In einem Jahr, wo am anderen Ende der Welt nur die physisch stärksten Profis eine Chance haben, wo der Grand Slam-Pokalfight in brutaler Hitze zum "Überlebenskampf der Fittesten" (The Age) geworden ist, hat Verdasco mit seinem Opfergang nach Las Vegas und "härtester, schmerzlicher Maloche" unter Anleitung von Drillmeister Reyes punktgenau richtig gelegen. "Ich habe das gemacht, was auch Andre Agassi gemacht hat. Und das kann so falsch nicht sein", sagt Verdasco, der in den 14 Tagen seines US-Abstechers auch ein paar Mal mit dem legendären Champion und viermaligen Melbourne-Gewinner sprach - mal ging es ums Thema Fitness, mal um die Saisonplanung, mal um die mentale Komponente des Spiels. In Melbourne fällt auf, wie gelassen und in sich ruhend Verdasco seine Aufgaben meistert - ein Ausbund an Solidität und Selbstbewusstsein. "Er leistet sich fast keine Schwankungen", sagt der ehemalige Weltranglistenerste Jim Courier.

Ähnlich wie seinem Landsmann Feliciano Lopez war Verdasco immer wieder vorgeworfen worden, seine Tennis-Laufbahn nicht mit der gebührenden Ernsthaftigkeit zu betreiben. Oft lieferte der glühende Fan von Real Madrid Schlagzeilen nur für die bunten Blätter, als Herzensbrecher und Frauenschwarm. Die Liste verflossener Partnerinnen, spottete mancher in der Spielerlounge, sei länger als die von Titelgewinnen. Giselle Dulko, die argentinische Spitzenspielerin, war ebenso wie die spanischen Models Dafne Fernandez und Priscila de Gustin einmal die Frau an der Seite Verdascos. Zuletzt ging die Liaison mit Tennis-Schönheit Ana Ivanovic in die Brüche. "Ich habe mir Ende vergangenen Jahres vorgenommen, mein Tennis noch mal richtig zu pushen. Ich will ganz nach vorne, in die Weltspitze", sagt Verdasco, der jetzt offenbar das süße Leben als erfolgreicher Profi genießen will.

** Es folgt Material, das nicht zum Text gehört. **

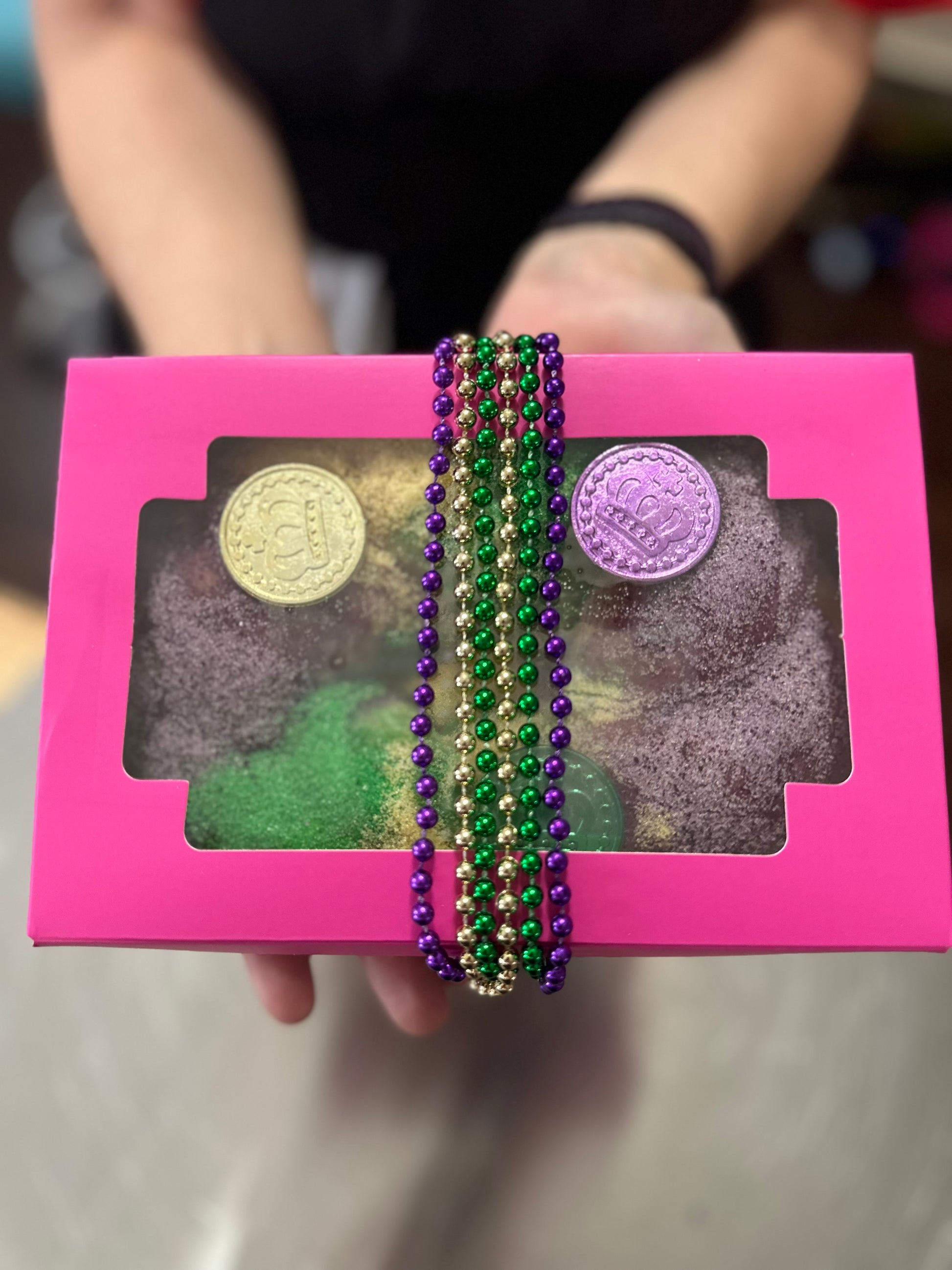 The cake is filled with a cinnamon pecan praline filling and adorned with a light icing topped with colorful sanding sugar. It comes complete with traditional touches: a hidden baby, festive beads, and collectible coins, symbolizing the joy and surprises of the season.

Ist er nur einer dieser Überraschungsspieler, die gerade beim komplizierten Eröffnungs-Grand Slam wie aus dem Nichts auftauchen? Oder ist das nun ein nachhaltiger Vormarsch Verdascos, des Mannes, der in Melbourne auch schon mal als "Rafa für Arme" gehandelt wird? "Die Top Ten sind allemal für ihn drin", sagt Mats Wilander, der alte Schwede, "wegen seiner außergewöhnlichen Nervenstärke. Und weil er Linkshänder ist, damit haben selbst Leute wie Federer, Djokovic oder Murray Schwierigkeiten."

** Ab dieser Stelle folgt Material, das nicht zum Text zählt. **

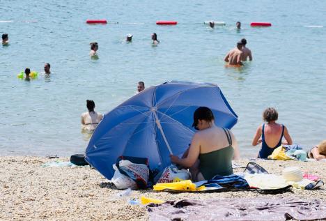 Već do podneva je danas bilo ko oko puno. A ljudi su samo pristizali. Žalili su nam se da ih je sunce već "puklo u glavu", da jedva čekaju da dođu do vode. U debeloj hladovini porodice s decom zauzele su mesto još u jutarnjim satima. Kažu da ne planiraju da se pomeraju do kasno uveče.

Der schöne Madrilene ist jedenfalls, ohne Übertreibung, in der Form seines Lebens. Er holte schon beim Daviscup-Finale gegen Argentinien im November den entscheidenden dritten Punkt für Spanien in der "Hölle von Mar del Plata". Er stand gleich zu Saisonbeginn im Endspiel von Brisbane. Und nun geht er keineswegs als krasser Außenseiter ins Duell mit Kumpel Nadal, dem globalen Superstar und Leitwolf des spanischen Tennis. Im Schatten Nadals hat sich auch Verdasco lange sehr gern aufgehalten. Nun ist er mehr als bereit, aus diesem Schatten herauszutreten.

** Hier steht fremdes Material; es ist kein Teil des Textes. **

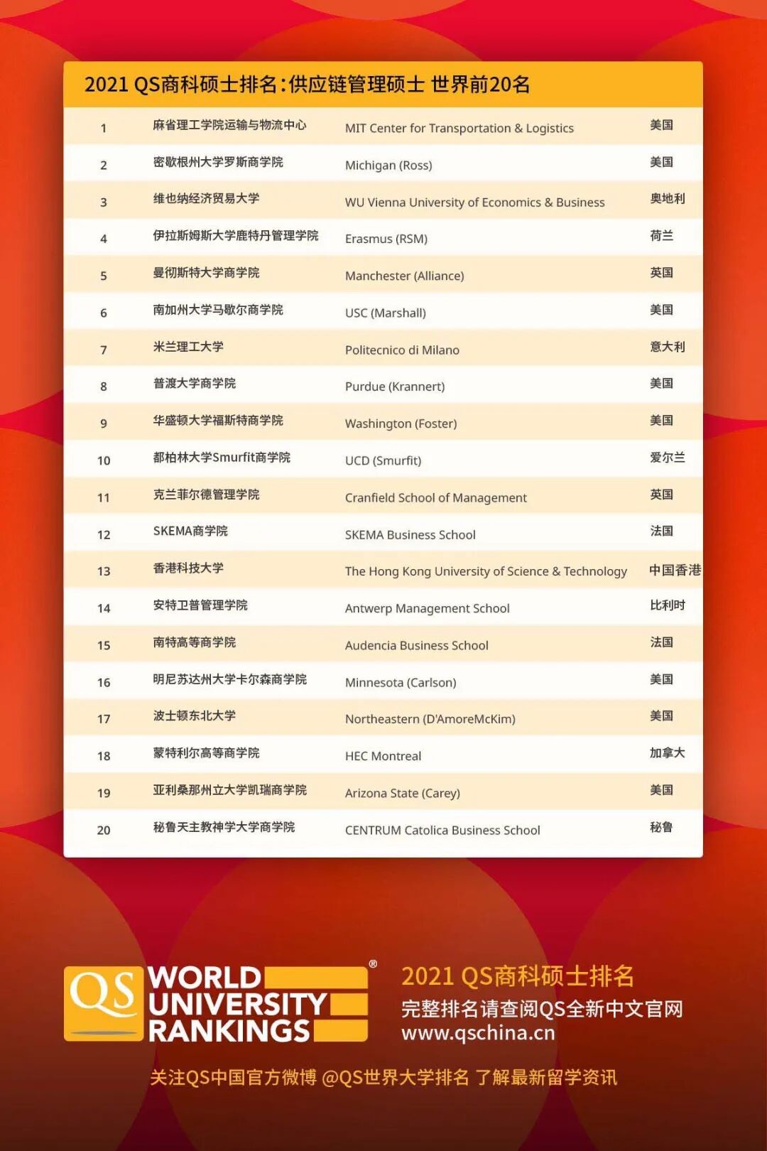 在商业硕士排名中,目前最受全球雇主欢迎的五大商科硕士项目均已囊括其中,包括:商业分析硕士、金融硕士、管理学硕士、市场营销硕士、供应链管理硕士。值得一提的是,供应链管理硕士专业在今年首次参与QS商科硕士排名。

Der Schweizer Roger Federer erreichte durch einen 6:2, 7:5, 7:5-Sieg über Andy Roddick (USA) das Finale der Männer am Sonntag (9.30 Uhr MEZ). Im Damen-Endspiel am Sonnabend (9.30 Uhr MEZ) stehen sich die US-Amerikanerin Serena Williams (6:3, 6:4 gegen die Russin Elena Dementjewa) und die Russin Dinara Safina (6:3, 7:6 gegen ihre Landsfrau Wera Swonarewa) gegenüber. Wegen der Hitze (44,3 Grad) wurden alle Spiele bei geschlossenem Dach ausgetragen. Für heute sind ebenfalls 40 Grad vorausgesagt.